START Exercise input

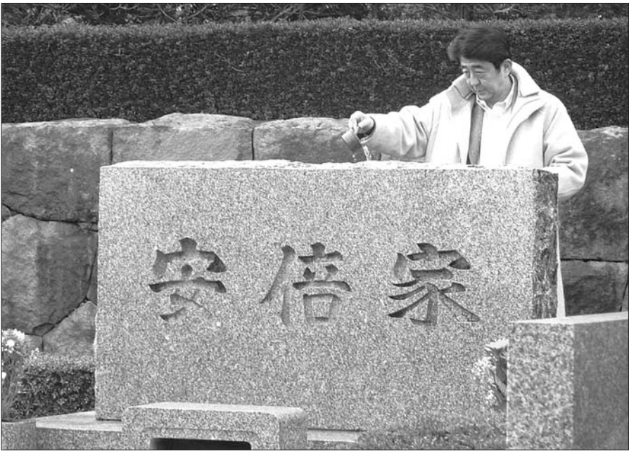
12日，日本首相安倍晋三前往故乡山口县长门市为亡父、前外相安倍晋太郎扫墓。 据产经新闻

本报讯 据日本新闻网报道，日本首相安倍晋三12日在自己的故乡日本山口县长门市表示，修改宪法是自己的历史使命，一定会认真努力实现改宪目标。 安倍是在自己的后援团体主办的晚餐会上作上述表示的。他在演讲中说：“为了修改宪法，我一定加倍努力。这是我的历史使命。” 报道指，这是安倍就任日本首相以来，第一次用“历史使命”这样的强烈语气来表达自己对于修改宪法的决心。 在7月的参议院大选获胜后，安倍对于修宪问题曾表示，要让国民理解和讨论，逐步推进修宪工作。 安倍利用盂兰盆节的假期回故乡给父亲扫墓，并在墓前汇报了在参院选举中获胜一事。安倍随后向长门市的支持者致辞时强调：“我在父亲的墓前汇报了在众、参院选举中获胜一事。但我的志愿还没有实现，从现在起才是关键。” 分析称，此时发表强硬的修宪立场，也预示着安倍在父亲的墓前表达了自己的这一决心。（中新）
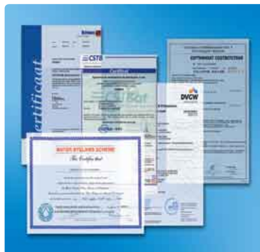
Uponor PE-Xa torude süsteemil on olemas Saksamaa DVGW ja teiste rahvusvaheliste asutuste sertifikaadid, kokku 80 sertifikaati, nt ABS Europe Ltd., CSTB, DIN CERTCO, DVGW, KIWA N.V.

Sel põhjusel saame anda teile 10-aastase süsteemigarantii, mida toetab rahvusvaheline kindlustusfirma. Kui paigaldamisel kasutatakse segamini erinevatest allikatest pärinevaid liitmikke ja torusid, siis Uponori süsteemigarantii ei kehti.
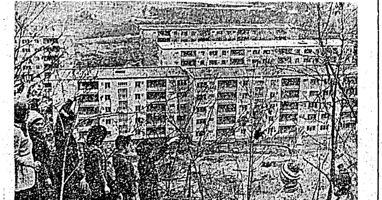
Priveliștii noi în orașul Orșova.
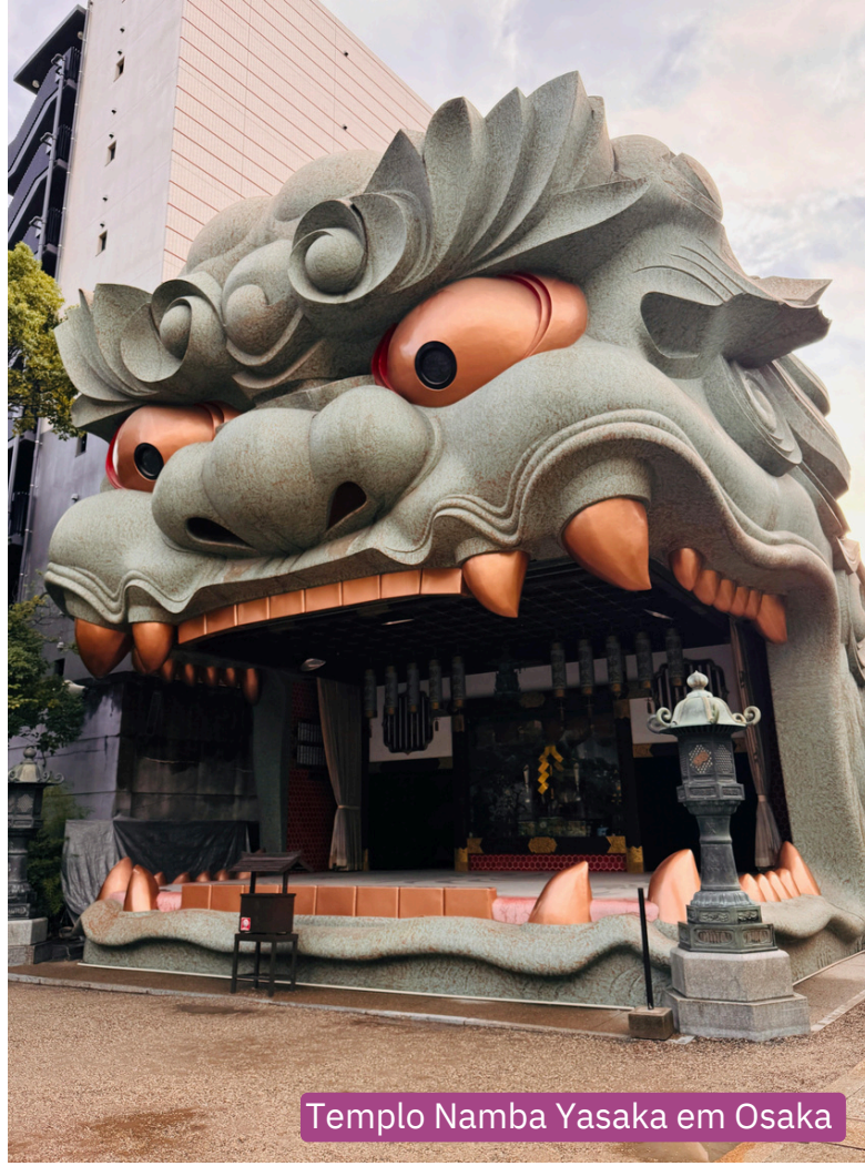
Templo Namba Yasaka em Osaka
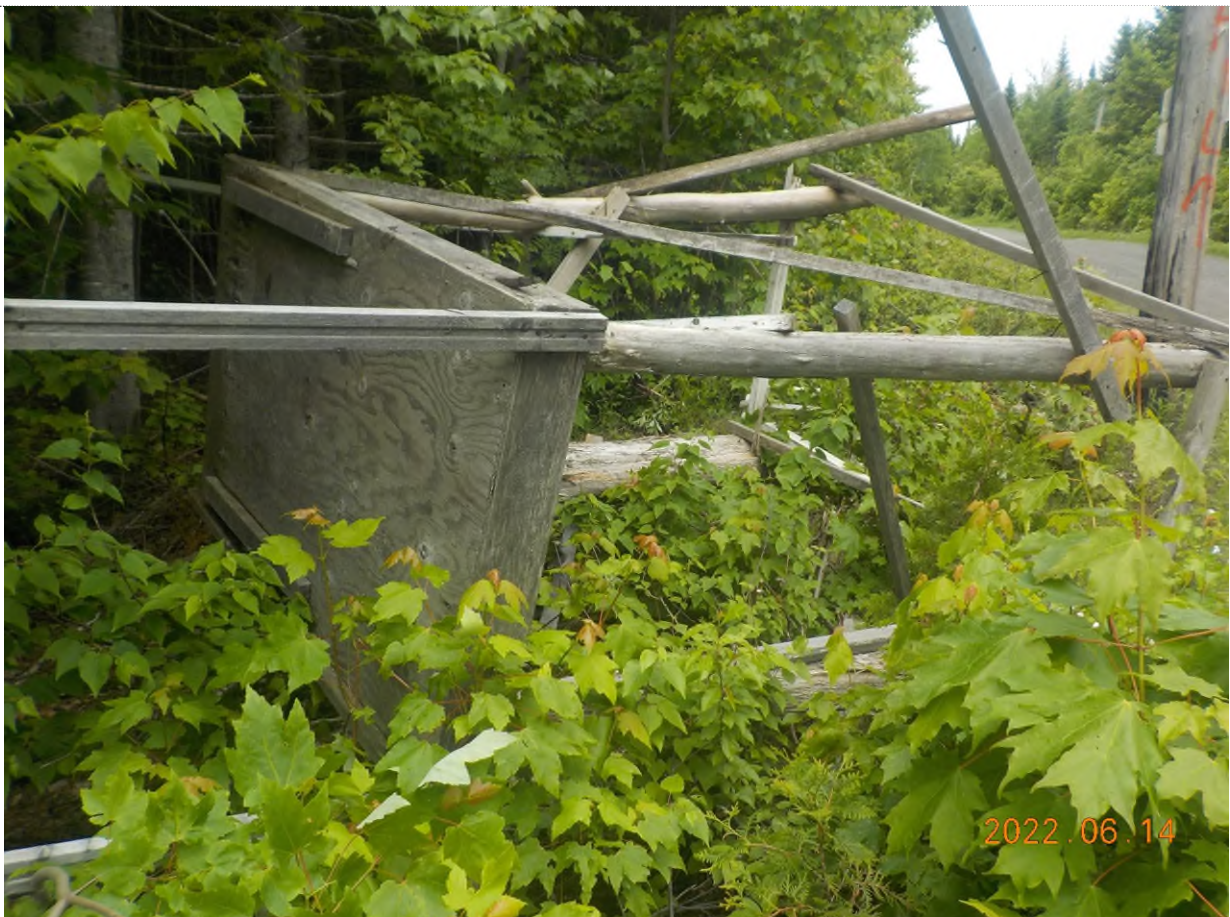
Figure 2: Structure écrasée à ramasser
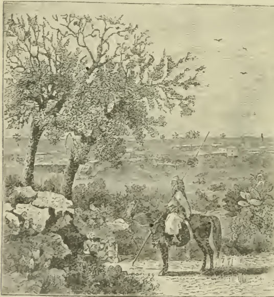
Accaron. (État actuel.)

— Funiculus maris est un hébraïsme, qui désigne le territoire des Philistins, part d'héritage qui est censée avoir été mesurée pour eux au cordeau, selon l'ancienne coutume. Cf. Deut. xxxii, 9; Ps. xv, 6, etc. Il était situé le long de la mer Méditerranée ( Atl. géogr. , pl. vii), à l'ouest du royaume de Juda. — Gens perditorum C.-à-d.: race condamnée à une ruine certaine. L'hébreu exprime un autre sens: Nation des K'rêfîm , ou des Crétois, selon l'opinion la plus probable. On suppose, en effet, que les Philistins étaient originaires de l'île de Crète. Cf. I Reg. xxx, 14, et Ez. xxv, 16, dans le texte original. Saint Jérôme, comme le Targum, Symmaque et Théodotion, a fait dériver ce nom de la racine kârat , extirper; de là sa traduction. — Chanaan . Les Philistins reçoivent probablement cette autre dénomination parce que, aussi mauvais et corrompus que l'antique race chanaanéenne, ils devaient partager sa funeste destinée.
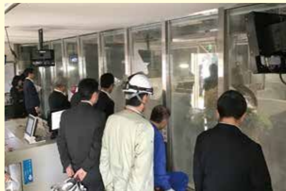
ごみクレーン操作室
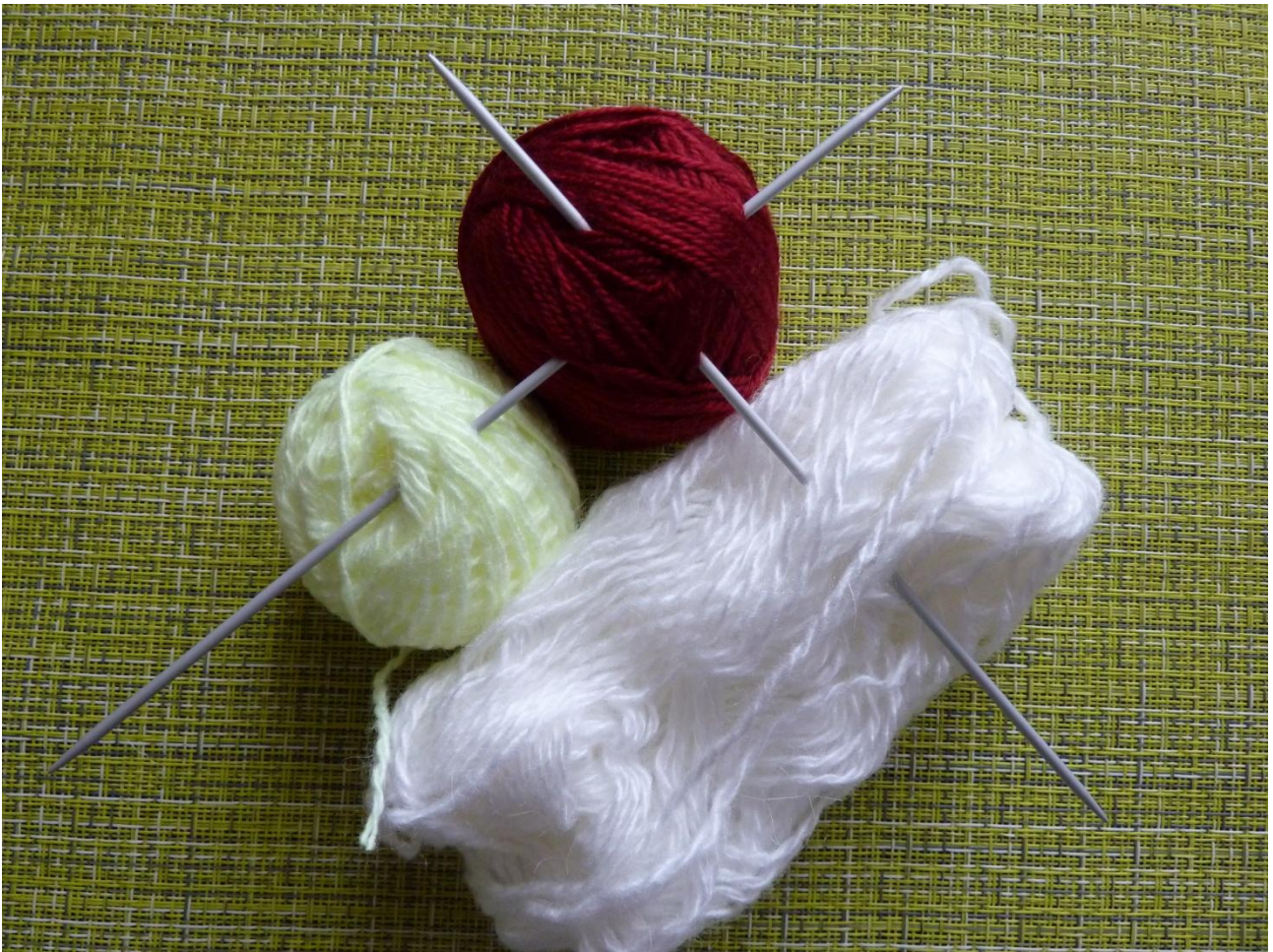
(Фото 2, Материалы для веревочки)
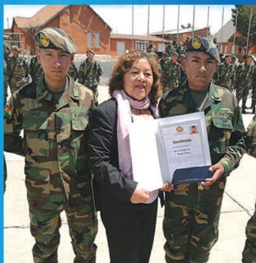
Reconociendo el trabajo y estudio
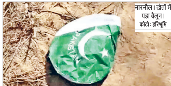
नारनौल। खेतों में पड़ा बैलून।
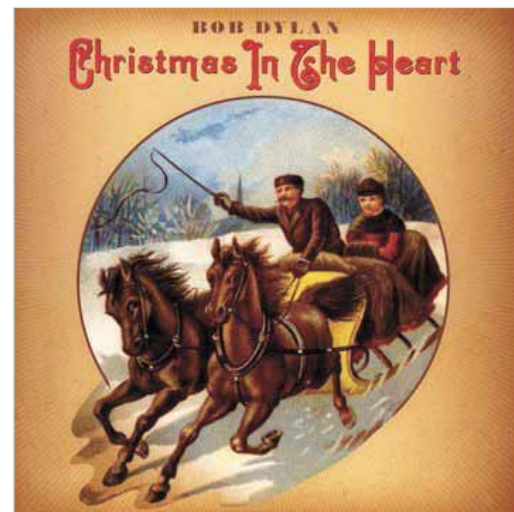
Bob Dylan, Christmas In The Heart Sony Music, Listopad 2009

Marzy mi się, pewnie podobnie jak innym tutaj piszącym, interaktywne wydanie „Dolnośląskiej Solidarności”. Mogłoby ono przypominać rozmawiające ze sobą obrazy na ścianie nad łóżkiem kinowej „Amelii”. Właśnie w jednym z takich miejsc, które można
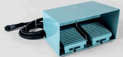
Педаль (установка только на фабрике)
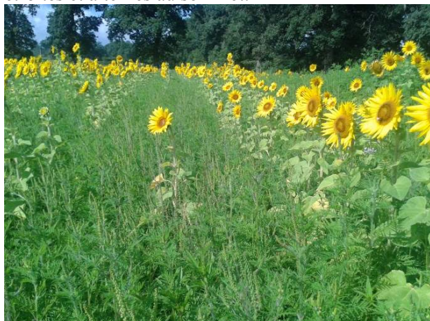
Parcelles de tournesol à Lussac les Eglises (87)

Selon les années, elle sort de terre entre fin mars et fin juin et se développe assez lentement jusqu'en juillet. Au stade adulte, la plante très ramifiée à la base, mesure de 30 à 120 cm avec un port dressé et peu dense. Elle a une tige velue qui devient rougeâtre en grandissant. Elle se reconnaît à ses feuilles de forme triangulaire très découpées et minces, d'un vert uniforme des deux côtés, larges et opposées à la base et plus étroites et alternes au sommet.
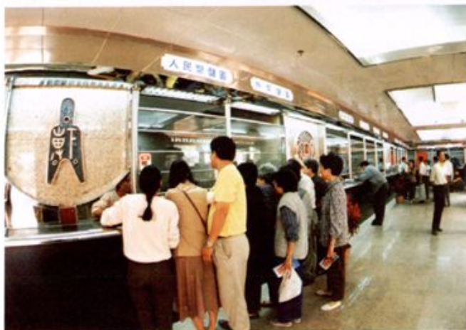
白云支行柜台一角。
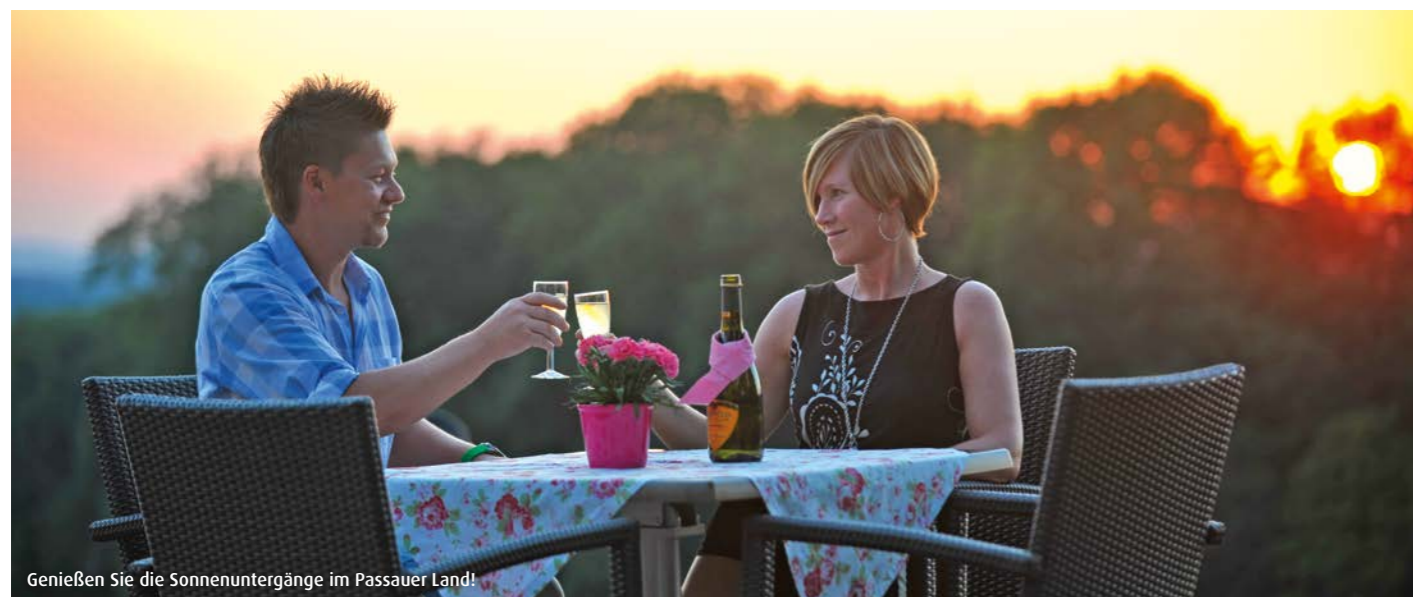
Genießen Sie die Sonnenuntergänge im Passauer Land!
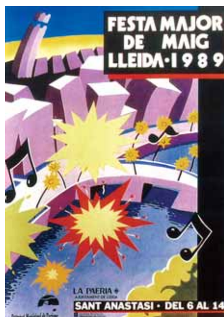
Imatges dels cartells de Festa Major de Lleida dels anys 1979, 1984 i 1989

La llista és llarga, i no s'acaba només amb la cultura popular. I, de fet, la manca de planificació global de la festa provocà que alguns dels elements renovadors introduïts durant els vuitanta i noranta acabessin abandonant el marc de la Festa Major per desenvolupar-se en dates pròximes. Els casos més flagrants són els de l'Aplec del Caragol, que s'independitza completament l'any 1991, i el de la Fira de Titelles, que, per coincidència o no, hi entra precisament el 1991 i se n'escindeix el 1996. La sensació que hom acaba tenint és que si la Festa Major hagués estat ben pensada i reflexionada i no hagués patit aquells mals que citàvem més amunt, aquestes noves expressions renovadores hi haurien pogut tenir un bon encaix dins i servir de plataforma per al necessari relançament. Ara bé, finalment, el que ha passat és que s'han aprofitat del marc de la Festa Major per créixer i expandir-se, per acabar abandonant-la, fet que ha donat lloc a nous esdeveniments festius paral·lels i, alhora, nous guetos socioculturals. I, a més, han trobat la complicitat de les institucions i responsables festius per fer-ho així.
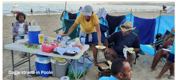
Dagje strand in Poole
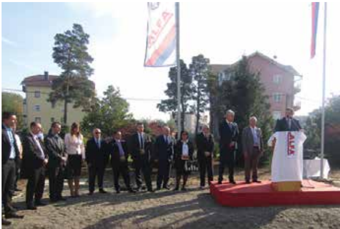
Са полагања камена темељца за нови пословни објект у ДОО Алфа
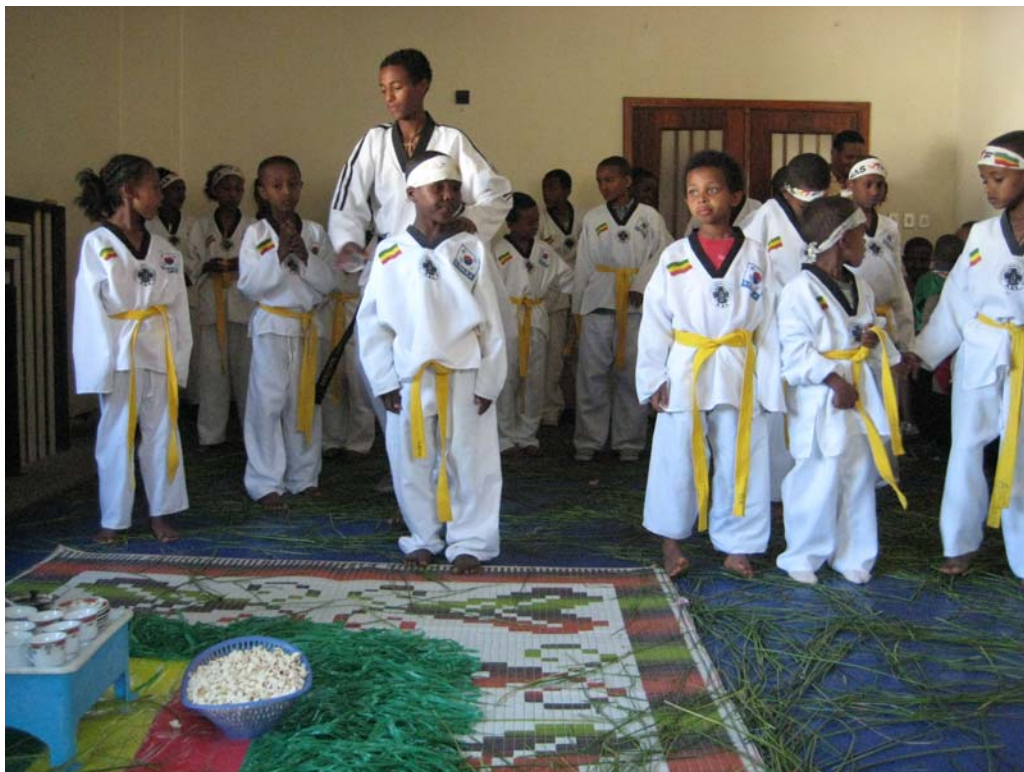
Billede fra Taekwondo- opvisning på Enat Alem.
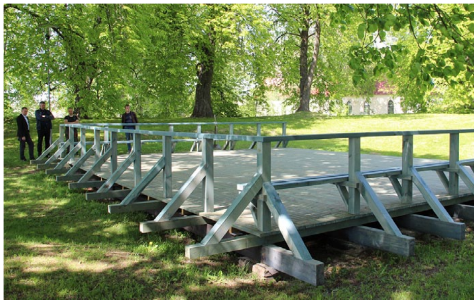
Pilskalnā nekas nav mainījies, tikai skatuve ir atjaunota
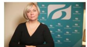
"Финансовая азбука" вместе с ОАО "Белинвестбанк": "КопилкаБИБ" - накопите на мечту

Полезная информация по правильному использованию банковских сервисов от ОАО "Белинвестбанк".

END Exercise input

Print every entry above again without changing a word, and omit the pictures.

[Result below]:
12日，日本首相安倍晋三前往故乡山口县长门市为亡父、前外相安倍晋太郎扫墓。 据产经新闻

本报讯 据日本新闻网报道，日本首相安倍晋三12日在自己的故乡日本山口县长门市表示，修改宪法是自己的历史使命，一定会认真努力实现改宪目标。 安倍是在自己的后援团体主办的晚餐会上作上述表示的。他在演讲中说：“为了修改宪法，我一定加倍努力。这是我的历史使命。” 报道指，这是安倍就任日本首相以来，第一次用“历史使命”这样的强烈语气来表达自己对于修改宪法的决心。 在7月的参议院大选获胜后，安倍对于修宪问题曾表示，要让国民理解和讨论，逐步推进修宪工作。 安倍利用盂兰盆节的假期回故乡给父亲扫墓，并在墓前汇报了在参院选举中获胜一事。安倍随后向长门市的支持者致辞时强调：“我在父亲的墓前汇报了在众、参院选举中获胜一事。但我的志愿还没有实现，从现在起才是关键。” 分析称，此时发表强硬的修宪立场，也预示着安倍在父亲的墓前表达了自己的这一决心。（中新）
Uponor PE-Xa torude süsteemil on olemas Saksamaa DVGW ja teiste rahvusvaheliste asutuste sertifikaadid, kokku 80 sertifikaati, nt ABS Europe Ltd., CSTB, DIN CERTCO, DVGW, KIWA N.V.

Sel põhjusel saame anda teile 10-aastase süsteemigarantii, mida toetab rahvusvaheline kindlustusfirma. Kui paigaldamisel kasutatakse segamini erinevatest allikatest pärinevaid liitmikke ja torusid, siis Uponori süsteemigarantii ei kehti.
Priveliștii noi în orașul Orșova.
Templo Namba Yasaka em Osaka
Figure 2: Structure écrasée à ramasser
Accaron. (État actuel.)

— Funiculus maris est un hébraïsme, qui désigne le territoire des Philistins, part d'héritage qui est censée avoir été mesurée pour eux au cordeau, selon l'ancienne coutume. Cf. Deut. xxxii, 9; Ps. xv, 6, etc. Il était situé le long de la mer Méditerranée ( Atl. géogr. , pl. vii), à l'ouest du royaume de Juda. — Gens perditorum C.-à-d.: race condamnée à une ruine certaine. L'hébreu exprime un autre sens: Nation des K'rêfîm , ou des Crétois, selon l'opinion la plus probable. On suppose, en effet, que les Philistins étaient originaires de l'île de Crète. Cf. I Reg. xxx, 14, et Ez. xxv, 16, dans le texte original. Saint Jérôme, comme le Targum, Symmaque et Théodotion, a fait dériver ce nom de la racine kârat , extirper; de là sa traduction. — Chanaan . Les Philistins reçoivent probablement cette autre dénomination parce que, aussi mauvais et corrompus que l'antique race chanaanéenne, ils devaient partager sa funeste destinée.
ごみクレーン操作室
(Фото 2, Материалы для веревочки)
Reconociendo el trabajo y estudio
नारनौल। खेतों में पड़ा बैलून।
Bob Dylan, Christmas In The Heart Sony Music, Listopad 2009

Marzy mi się, pewnie podobnie jak innym tutaj piszącym, interaktywne wydanie „Dolnośląskiej Solidarności”. Mogłoby ono przypominać rozmawiające ze sobą obrazy na ścianie nad łóżkiem kinowej „Amelii”. Właśnie w jednym z takich miejsc, które można
Педаль (установка только на фабрике)
Parcelles de tournesol à Lussac les Eglises (87)

Selon les années, elle sort de terre entre fin mars et fin juin et se développe assez lentement jusqu'en juillet. Au stade adulte, la plante très ramifiée à la base, mesure de 30 à 120 cm avec un port dressé et peu dense. Elle a une tige velue qui devient rougeâtre en grandissant. Elle se reconnaît à ses feuilles de forme triangulaire très découpées et minces, d'un vert uniforme des deux côtés, larges et opposées à la base et plus étroites et alternes au sommet.
白云支行柜台一角。
Genießen Sie die Sonnenuntergänge im Passauer Land!
Imatges dels cartells de Festa Major de Lleida dels anys 1979, 1984 i 1989

La llista és llarga, i no s'acaba només amb la cultura popular. I, de fet, la manca de planificació global de la festa provocà que alguns dels elements renovadors introduïts durant els vuitanta i noranta acabessin abandonant el marc de la Festa Major per desenvolupar-se en dates pròximes. Els casos més flagrants són els de l'Aplec del Caragol, que s'independitza completament l'any 1991, i el de la Fira de Titelles, que, per coincidència o no, hi entra precisament el 1991 i se n'escindeix el 1996. La sensació que hom acaba tenint és que si la Festa Major hagués estat ben pensada i reflexionada i no hagués patit aquells mals que citàvem més amunt, aquestes noves expressions renovadores hi haurien pogut tenir un bon encaix dins i servir de plataforma per al necessari relançament. Ara bé, finalment, el que ha passat és que s'han aprofitat del marc de la Festa Major per créixer i expandir-se, per acabar abandonant-la, fet que ha donat lloc a nous esdeveniments festius paral·lels i, alhora, nous guetos socioculturals. I, a més, han trobat la complicitat de les institucions i responsables festius per fer-ho així.
Dagje strand in Poole
Са полагања камена темељца за нови пословни објект у ДОО Алфа
Billede fra Taekwondo- opvisning på Enat Alem.
Pilskalnā nekas nav mainījies, tikai skatuve ir atjaunota
"Финансовая азбука" вместе с ОАО "Белинвестбанк": "КопилкаБИБ" - накопите на мечту

Полезная информация по правильному использованию банковских сервисов от ОАО "Белинвестбанк".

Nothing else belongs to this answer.